K. Jayachandra Reddy, J.

1. The appellant herein is original accused No. 2 in the Sessions case. He alongwith four others were convicted under Sections 302/149, 448 and 447 I.P.C. and sentenced to undergo imprisonment for life, one year R.I. and six months R.I. respectively. A1 the convicted accused preferred appeal in the High Court. A Division Bench of the High Court acquitted the other four accused and convicted the appellant alone under Section 302 I.P.C. simpliciter and sentenced him to undergo imprisonment for life. The prosecution case is that on 22.7.78 at about 8 P.M. they formed into an unlawful assembly and attacked Kabal Singh, the deceased on the roof of his house when he was lying on a cot and inflicted several injuries as a result of which he died. It is alleged that the appellant was armed with a gandasi and the other accused were armed with Takwa, lata and sticks. All the five accused are alleged to have gone up on the terrace and attacked the deceased while he was sleeping. The appellant is alleged to have inflicted an incised wound on the abdomen. The rest of the accused inflicted other injuries in total 16. A report was made after 22 hours though the police station was quite nearby. Autopsy was performed by P.W. 3, the Doctor and he opined that injury No. 6 alleged to have been inflicted by the appellant was individually sufficient to cause death in the ordinary course of nature and other injuries were opined to be collectively sufficient to cause death in the ordinary course of nature.

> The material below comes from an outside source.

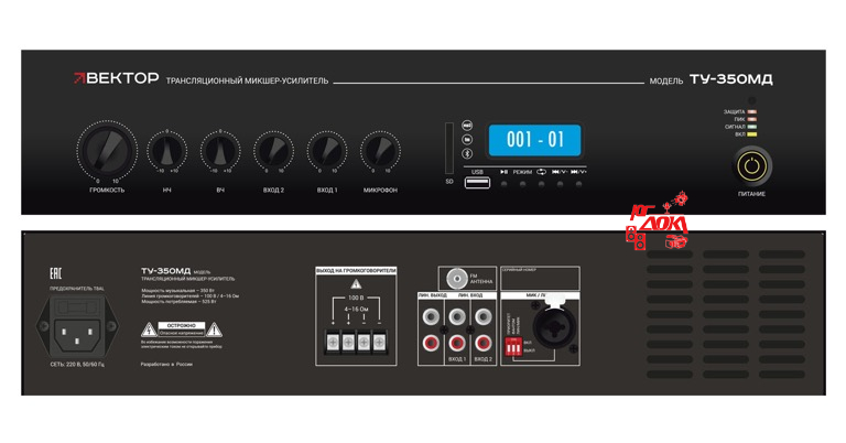 Комбинированный микшер-усилитель класс D. Мощность 350Вт. Выход 100В\4-16Ом, 1 микр и 2 AUX входа, 1 AUX выход. Цифровой FM тюнер, MP3 плеер, USB, SD, Bluetooth. Питание 220В. Рэковое крепление в комплекте.
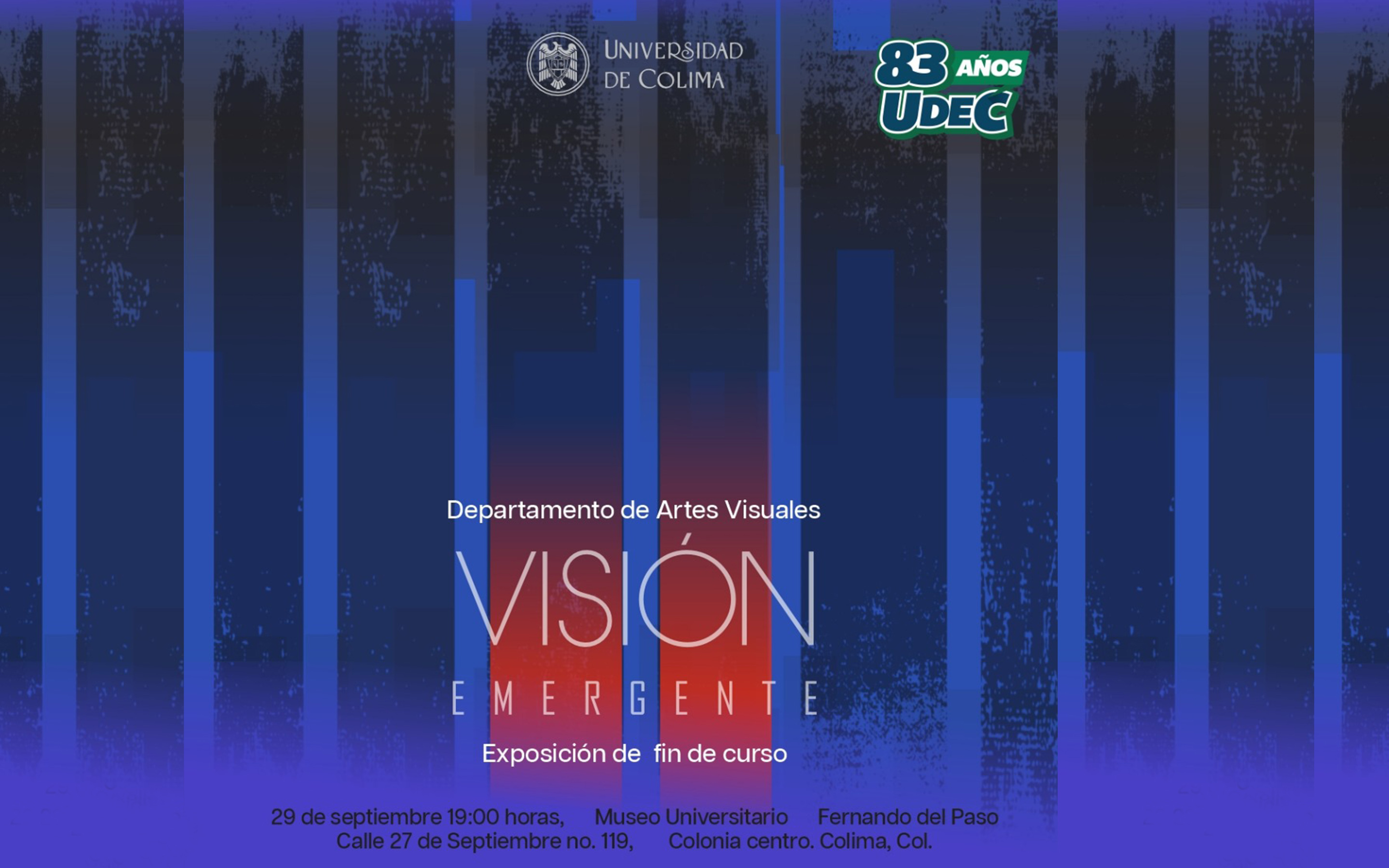 Este viernes 29 de septiembre, a las 19:00 horas, se abrirá al público la exposición colectiva “Visión Emergente”, en el Museo Universitario Fernando del Paso. Estas obras son proyectos de fin de curso que la comunidad estudiantil del Departamento de Artes Visuales de la Universidad de Colima realiza durante un año.

2. The case rested on the evidence of three eye-witnesses P.Ws 4, 5 and 7 who are all interested. The High Court after considering the evidence of these three eye-witnesses exhaustively was not prepared to accept their evidence in respect of other four accused. The High Court convicted the appellant on the sole ground that the fatal blow was attributed to him. At one stage the High Court even commented that there is every possibility of the witnesses committing mistake in identifying the assailants. Having made such observations on the basis of which the evidence of the eye-witnesses was rejected in respect of four other accused, we are unable to see as to how the same can be relied upon in respect of the appellant. The general grounds on which the evidence of the eye-witnesses has been rejected would equally apply to the case of the appellant also. Merely because the fatal blow is attributed to him that does hot in any way negative the infirmities which are of general nature affecting their veracity. The evidence is common to all the accused. If the identification of the assailants is found to be doubtful then that benefit would also accrue to the appellant equally. If there was delay of 22 hours in giving the F.I.R. and if the same creates a doubt about the truthfulness of the prosecution case the benefit of the same accrues to the appellant also. We are therefore of the view that the reasons given for the acquittal of the other four accused would equally apply to the case of the appellant also and he is also entitled to the benefit of doubt. Accordingly we set aside the conviction and sentence of the appellant and if he is on bail, his bail bond shall stand cancelled. The appeal is allowed accordingly.